Получивши во время нашего наступления на Австрию австрийских военнопленных для сельскохозяйственных работ, он очень прилично обставил их и в смысле питания, и в смысле помещения. Заведующая нашим молочным хозяйством даже негодовала на него за то, что он так много требует молока, творога и масла для «своих» пленных.
Кроме управления Бабушкиным Хутором, на матери лежали заботы и о наших одесских дачах на берегу моря (летом находящиеся там домики сдавались внаем), и о даче на Каменном Острове под Петербургом.
Не могу не признаться, что впоследствии, когда мы были освобождены революцией от всякой собственности, я почувствовала большое, искреннее облегчение.
В начале войны одно большое французское торговое судно «Портюгаль» застряло в Черном море и стояло в Одесском порту. В 1915 году оно было переоборудовано для перевозки раненых с Турецкого фронта на Кавказ. Анна очень любила море, а особенно «наше Черное море», как мы с детства его называли. Плавать и нырять она умела как рыба. Она попросилась на «Портюгаль» и была назначена туда старшей сестрой.
Зиму 1915—1916 года мы провели в Одессе: мать моя с Катрусей и Юриными детьми на даче, а я с Надей и мальчиками Сомовыми в городе, на Пироговской улице. Анна со своим отрядом сестер жили уже на своем судне, готовые к отплытию и скучающие в своем бездействии. Анна организовала с ними шитье белья для армии и всячески развлекала их. Часто она в сопровождении нескольких сестер приезжала к нашим на дачу. Иногда, отпустив их по домам, и без них приезжала навещать нас. (
Называла она их своими дочками, и действительно в ее отношении к ним чувствовалось что-то материнское. За это время и они успели полюбить ее. Наконец «Портюгаль» вышел в море.

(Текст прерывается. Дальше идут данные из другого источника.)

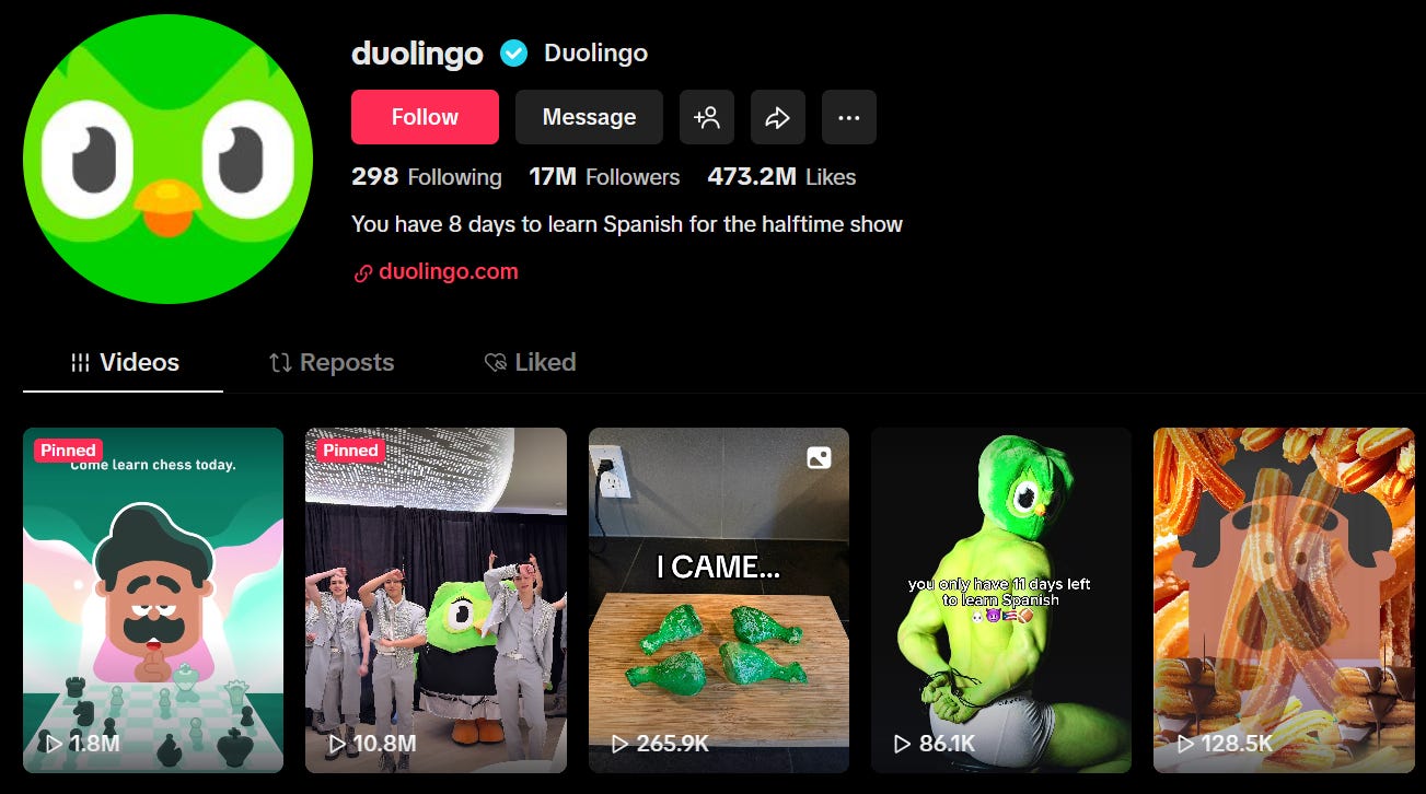 The videos are "unhingedâ and designed perfectly for the younger TikTok audience. Duolingo understands that to stand out on TikTok, videos need to raise eyebrows.

В начале 1916 года, я схватила где-то дифтерит. Благодаря быстро вспрыснутой сыворотке, я легко перенесла его; только долго пришлось мне быть изолированной в своей комнате. Ко мне была вхожа лишь добрая и всегда самоотверженная Еленочка. Никто от меня не заразился. В своем одиночестве я, с одной стороны, занималась кое-каким шитьем для бедных, а с другой – задумала пересмотреть мысленно и записать свое миросозерцание, вернее, нечто из него. Записки эти, к сожалению, у меня не сохранились (как, впрочем, и все, что мне принадлежало в то время). Когданибудь я примусь и за эту работу, а сейчас буду продолжать повествование о событиях в нашей семье.
30. Новое горе – гибель «Портюгаля»
Во все продолжение войны кроме утренних газет среди дня издавались добавочные листки. Мальчики-газетчики бегали по улицам и выкрикивали вкратце их содержание. Утром 16-го апреля, будучи вне дома, я услышала: «Гибель госпитального судна „Портюгаль“». Я тут же купила листок и прочла, что германская подводная мина потопила «Портюгаль», что на судне в этот момент раненых не было, что много погибших, среди них старшая сестра Мейендорф. Я бросилась домой, оттуда вместе с Надей Сомовой в Одесскую Касперовскую Общину. (Почти все сестры «Портюгаля» были из этой Общины). Там уже было получено официальное подтверждение этого факта. Тогда я и Сомовы поспешили на дачу, чтобы сколь возможно осторожнее сообщить это горе моей матери. Решили сказать ей лишь после дневного обеда. Она только что вернулась со своей утренней прогулки: ее почему-то в этот день потянуло к самому берегу моря.
Постепенно, отчасти из газет, а отчасти от спасшихся и вернувшихся в Одессу лиц, узнавали мы подробности этого преступного акта немецкого командования. К восьми часам утра 16-го марта «Портюгаль» стал на якорь на очень большой глубине, не дойдя до малоазийского берега. Необходимо было сделать какие-то починки на баржах, которые он вел на буксире. Эти баржи служили для перевозки раненых с берега на судно в тех портах, где глубоко сидящий большой пароход не мог подойти к берегу вплотную. Весь медицинский персонал стоял на палубе и любовался видневшимся берегом.